The positioning of these Mizrachi Jews against their Arab neighbors, when many have roots more in Arab culture than in Ashkenazi Judaism, is far more about religion than race. As a political strategy, though, “Zionism is racism” is a slogan that allows questionable tactics among the Left. At one lesbian conference, I observed a multiracial group of women interrupt a Jewish lesbian prayer service, one totally devoid of references to contemporary Israel, on the grounds that it was appropriate “to protest Zionism.”

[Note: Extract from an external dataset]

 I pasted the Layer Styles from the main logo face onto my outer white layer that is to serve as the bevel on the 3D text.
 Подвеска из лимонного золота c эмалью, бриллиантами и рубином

So I was delighted, at the March 15 peace rally in D.C., to see three young gay guys with signs reading “FAGS FOR PEACE” confront a man who held up a huge sign declaring “Jim Moran was right.” Moran is the U.S. congressman from Northern Virginia recently criticized for claiming that America’s Jews have forced the country into war with Iraq. “There’s anti-Semitism everywhere, even here!” shouted my bold gay brothers, yet they were all alone in challenging the unpleasant sign.

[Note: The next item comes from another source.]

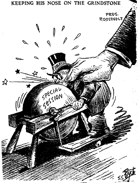 When Congress was “on a retreat” from the Depression in 1933, Roosevelt’s President Roosevelt called a special session of Congress, saying that unemployment could only be solved “by direct recruiting by the Government itself.” For the next three months, Roosevelt proposed, and Congress passed, Glass-Steagall and other key bills to deal with the crisis; this session became known as the Hundred Days. |

Then, as we all marched to the White House, I met a little girl wearing a sticker that blazed a Jewish star across the slogan, “Wars R Us.” I stopped and showed her my necklace: “I wear that star. Do you know that’s a religious sign? Do you really think that Jews are people who like to make war?” The kid had enough poise to reply, “Whoa, I never thought of it that way,” while her mother stammered “Her sticker is just a statement against Sharon.” “Then it should say so,” I pointed out. “Don’t use my star as a war symbol!” I went home, fuming, and called up my nice girlfriend, who as a sensitive Irish Catholic is sick of seeing all things Catholic equated with the priests caught molesting children.

I hardly ever confront little kids in public, but when I was ten, a friend’s mother made a big impact on me by saying “Why are you playing with a toy gun? Don’t ever point a gun at anyone, even in fun!” I’m grateful to that adult’s role in shaping my awareness of symbolic violence: thank you, Bobbie Thompson. I’ll continue to remind everyone that the Star of David, the Hebrew language, and Jewish life in the Middle East were all in place centuries before 1948, and are not solely symbolic of Sharon’s forces. And all of us committed to ending brutal occupations would do well to enquire what we’ve done for the Native American cause lately. Connecticut Avenue used to be Indian land, and the name for the Potomac river didn’t come from Thomas Jefferson’s kinfolk. I don’t stop being Jewish when I go to a peace rally, any more than I stop being gay during Passover; the exhibit at the Holocaust museum reminds me, in the words of folksinger Alix Dobkin, “Jews and lesbians have a lot in common — none of us were intended to survive.”